И ее хохот звучал светло и беспечно. Жизнь на Суре вошла как будто в обычную колею.
За чаем, завтраками, обедами и ужинами, сервированными, как всегда, с безукоризненной точностью, он прислуживал ей еще с большей почтительностью, почти не дыша, двигаясь, как призрак, благоговейно придвигая ей, на чем останавливались ее глаза. Но она как будто не замечала его, избегала даже называть его по имени. Раз, придвигая ей за обедом ее любимый напиток — тонкое, янтарное вино, наполовину разбавленное ключевой водой с кусочком плавающего льду, — он заглянул первый раз в жизни, смело и прямо, в ее глаза. И увидел, что она глядит на верхнюю пуговицу его жилета. Это наполнило его и жгучей обидой, и жгучим же торжеством.
Однажды он подавал ей на серебряном подносике письмо, полученное с почты. Она сидела у окна в своем кабинетике, в кресле.
— С почты, — почтительно, слегка сгибаясь, — проговорил он.
Она глядела на верхнюю пуговицу его жилета, принимая письмо.
— Постойте, — вдруг проговорила она тихо.
Он замер в двух шагах от нее. Кажется, она оглядывалась и слушала: нет ли кого близко? Не желала, чтоб ее слышали.

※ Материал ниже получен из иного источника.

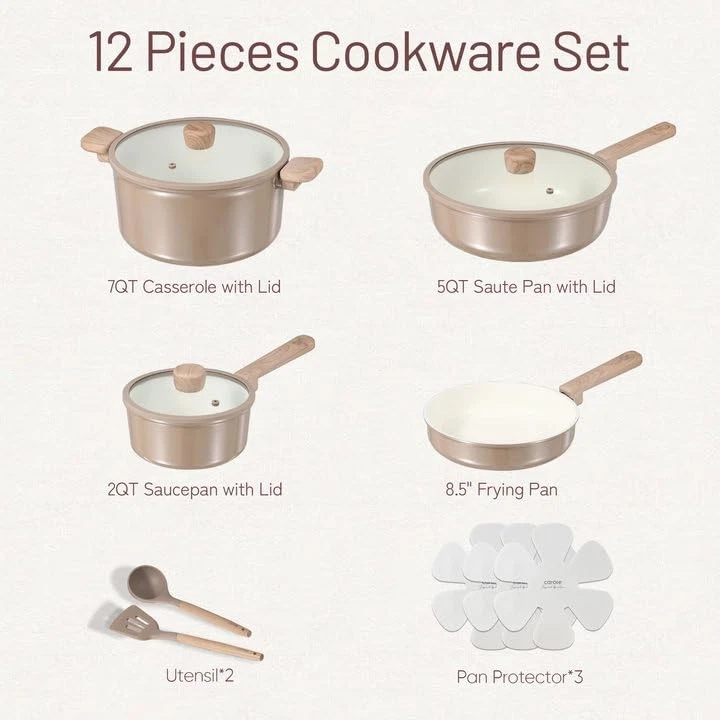 Crafted with a non-ceramic coating, our cookware brings high level non stick performance and elevate your cooking experience. The smooth ceramic coating doesn’t trap any food or sauce, and clean with just a quick swipe or rinse, keeping your cookware looking brand new. Our cookware is free from harmful chemicals such as PFOA, PFAS, PTFE, lead and cadmium. With its robust design and high-quality ceramic coating, our cookware is built to withstand everyday cooking. While it's designed for durability, its non-stick surface ensures easy cleaning and consistent performance, meal after meal. provides 12 months from the date of purchase. Please don't hesitate to reach out if any quality problem. You will be guaranteed to get satisfying solution. Set includes: 8.5"fry pan, 2-qt saucepan with lid, 5-qt sauté pan with lid, 7-qt casserole with lid, soup ladle, slotted spatula, 3*pan protectors.

— Вы должны на этих днях попросить хасчет, — сказала она ему повелительно, но тихо, сдержанно и, видимо, волнуясь. Он видел, как побледнело ее лицо, и жадно искал ее глаза, но она упрямо глядела на свои выхоленные, розовые руки, с перстнями на прекрасных пальцах.
— Я этого не сделаю, — выговорил и он тихо, но твердо.
— Что? — еле выговорила она.
Она точно испугалась, и сердечная боль искривила ее пухлые, почти детские губы.
Он повторил полушепотом, но твердо:
— Я этого не сделаю. Не буду просить расчета. Не буду.
Это совсем ее испугало, почти всколыхнув в кресле.
— Мегзавец, — сказала она.
Он не пошевельнулся и стоял все такой же почтительный, но непреклонный, твердый, точно каменный.
— Мегзавец, — повторила она с отвращением.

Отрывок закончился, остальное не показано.